**TO DO**.
Copy, word for word, the lines of the listing below from the line with "ފުލުހުން މިރޭ އާންމުކުރި" up to and including the line with "NABÓR DO KLAS". Drop the pictures.

**MATERIAL PROVIDED**.

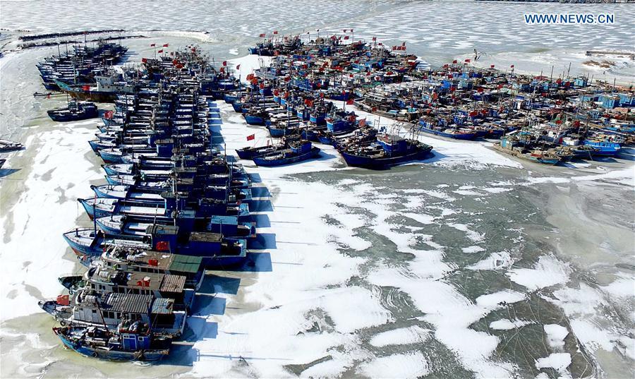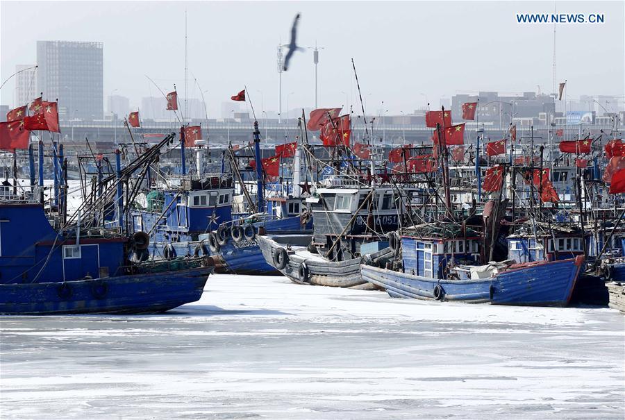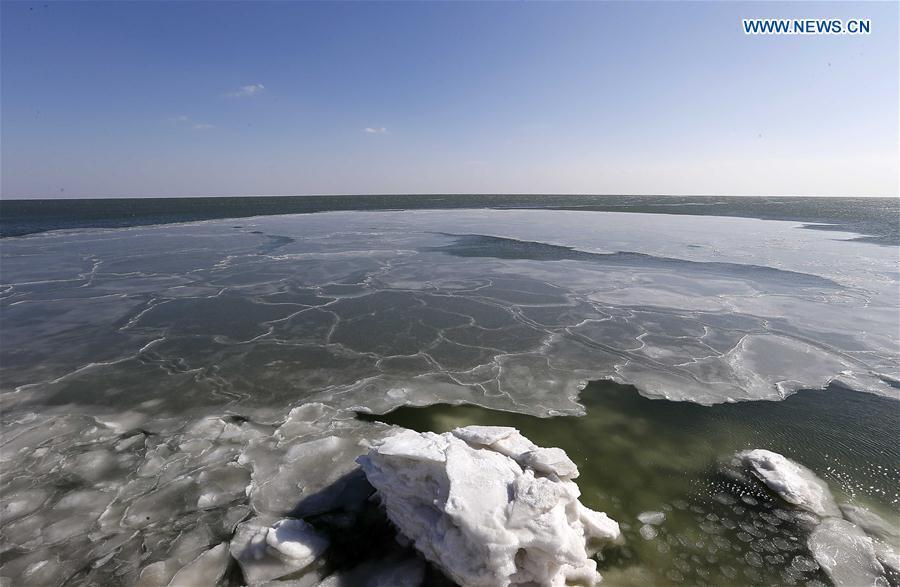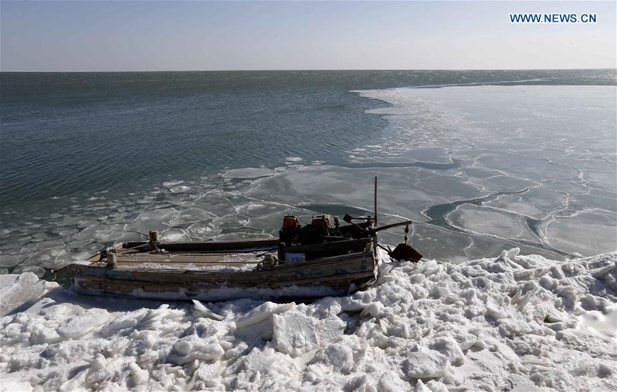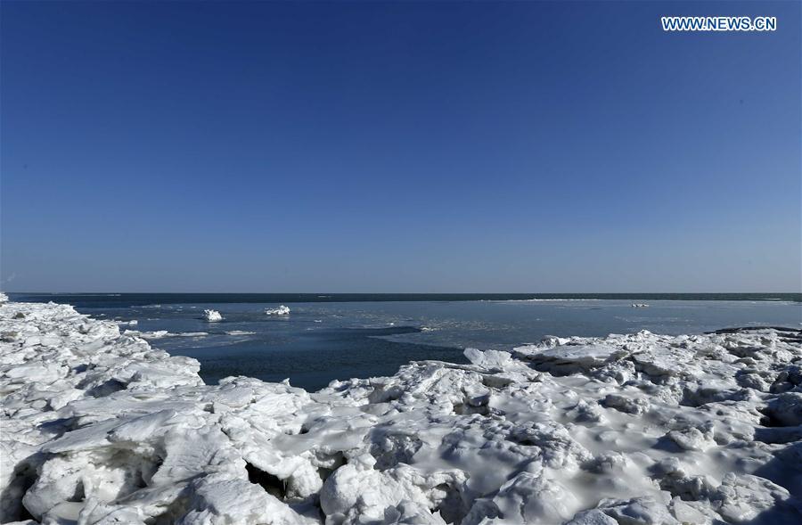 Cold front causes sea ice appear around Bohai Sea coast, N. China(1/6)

...

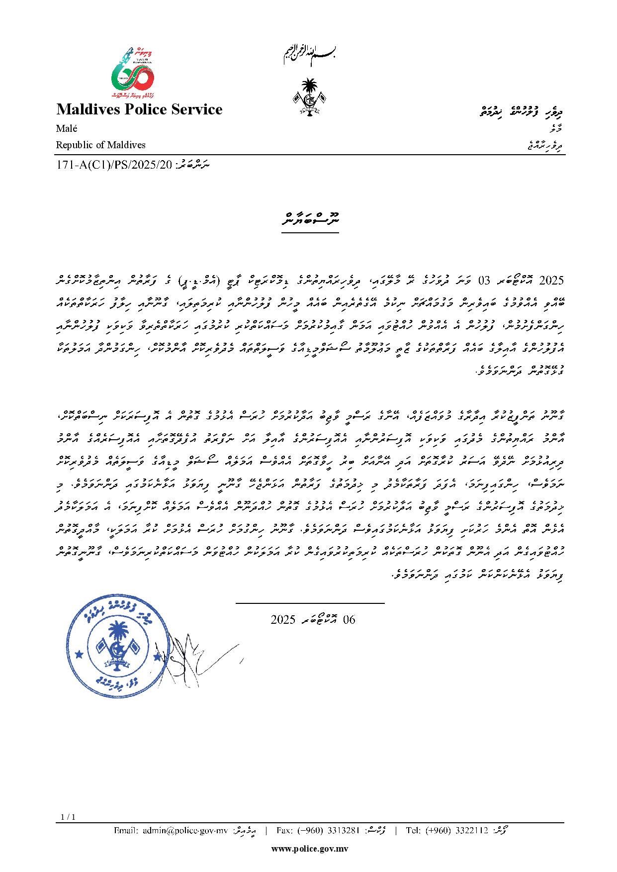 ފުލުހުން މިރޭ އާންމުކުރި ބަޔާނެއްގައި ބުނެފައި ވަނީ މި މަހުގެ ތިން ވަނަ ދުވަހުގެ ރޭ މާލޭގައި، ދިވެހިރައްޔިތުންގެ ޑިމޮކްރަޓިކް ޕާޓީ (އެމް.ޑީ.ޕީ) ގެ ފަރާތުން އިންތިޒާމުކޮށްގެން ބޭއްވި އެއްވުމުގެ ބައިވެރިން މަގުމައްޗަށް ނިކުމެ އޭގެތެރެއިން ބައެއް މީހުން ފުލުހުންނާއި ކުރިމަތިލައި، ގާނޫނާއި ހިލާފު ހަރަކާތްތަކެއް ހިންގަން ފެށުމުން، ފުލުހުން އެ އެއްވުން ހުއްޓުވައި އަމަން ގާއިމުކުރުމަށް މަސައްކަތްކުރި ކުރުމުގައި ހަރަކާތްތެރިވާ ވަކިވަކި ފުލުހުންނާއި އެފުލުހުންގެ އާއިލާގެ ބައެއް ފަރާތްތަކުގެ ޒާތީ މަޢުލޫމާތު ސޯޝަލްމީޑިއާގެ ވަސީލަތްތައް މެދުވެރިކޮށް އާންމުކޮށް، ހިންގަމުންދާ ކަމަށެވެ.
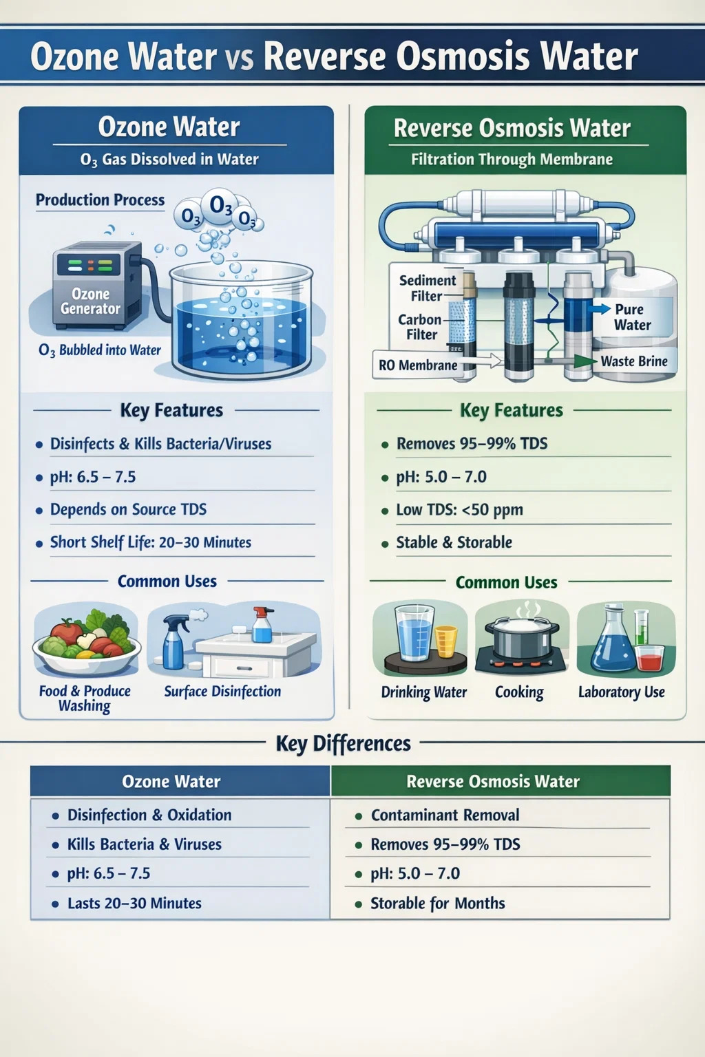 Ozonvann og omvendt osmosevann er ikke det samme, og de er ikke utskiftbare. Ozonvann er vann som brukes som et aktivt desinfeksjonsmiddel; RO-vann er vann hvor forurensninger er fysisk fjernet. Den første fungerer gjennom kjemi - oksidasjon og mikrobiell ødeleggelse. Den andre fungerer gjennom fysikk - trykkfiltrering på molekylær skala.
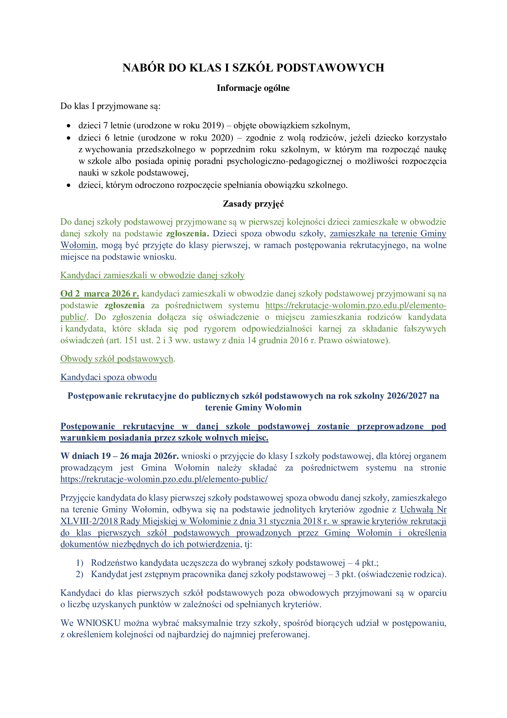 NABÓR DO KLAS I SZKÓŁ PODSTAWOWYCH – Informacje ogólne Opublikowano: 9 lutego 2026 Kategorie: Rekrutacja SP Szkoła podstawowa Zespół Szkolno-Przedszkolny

**TASK RESPONSE**.
 ފުލުހުން މިރޭ އާންމުކުރި ބަޔާނެއްގައި ބުނެފައި ވަނީ މި މަހުގެ ތިން ވަނަ ދުވަހުގެ ރޭ މާލޭގައި، ދިވެހިރައްޔިތުންގެ ޑިމޮކްރަޓިކް ޕާޓީ (އެމް.ޑީ.ޕީ) ގެ ފަރާތުން އިންތިޒާމުކޮށްގެން ބޭއްވި އެއްވުމުގެ ބައިވެރިން މަގުމައްޗަށް ނިކުމެ އޭގެތެރެއިން ބައެއް މީހުން ފުލުހުންނާއި ކުރިމަތިލައި، ގާނޫނާއި ހިލާފު ހަރަކާތްތަކެއް ހިންގަން ފެށުމުން، ފުލުހުން އެ އެއްވުން ހުއްޓުވައި އަމަން ގާއިމުކުރުމަށް މަސައްކަތްކުރި ކުރުމުގައި ހަރަކާތްތެރިވާ ވަކިވަކި ފުލުހުންނާއި އެފުލުހުންގެ އާއިލާގެ ބައެއް ފަރާތްތަކުގެ ޒާތީ މަޢުލޫމާތު ސޯޝަލްމީޑިއާގެ ވަސީލަތްތައް މެދުވެރިކޮށް އާންމުކޮށް، ހިންގަމުންދާ ކަމަށެވެ.
 Ozonvann og omvendt osmosevann er ikke det samme, og de er ikke utskiftbare. Ozonvann er vann som brukes som et aktivt desinfeksjonsmiddel; RO-vann er vann hvor forurensninger er fysisk fjernet. Den første fungerer gjennom kjemi - oksidasjon og mikrobiell ødeleggelse. Den andre fungerer gjennom fysikk - trykkfiltrering på molekylær skala.
 NABÓR DO KLAS I SZKÓŁ PODSTAWOWYCH – Informacje ogólne Opublikowano: 9 lutego 2026 Kategorie: Rekrutacja SP Szkoła podstawowa Zespół Szkolno-Przedszkolny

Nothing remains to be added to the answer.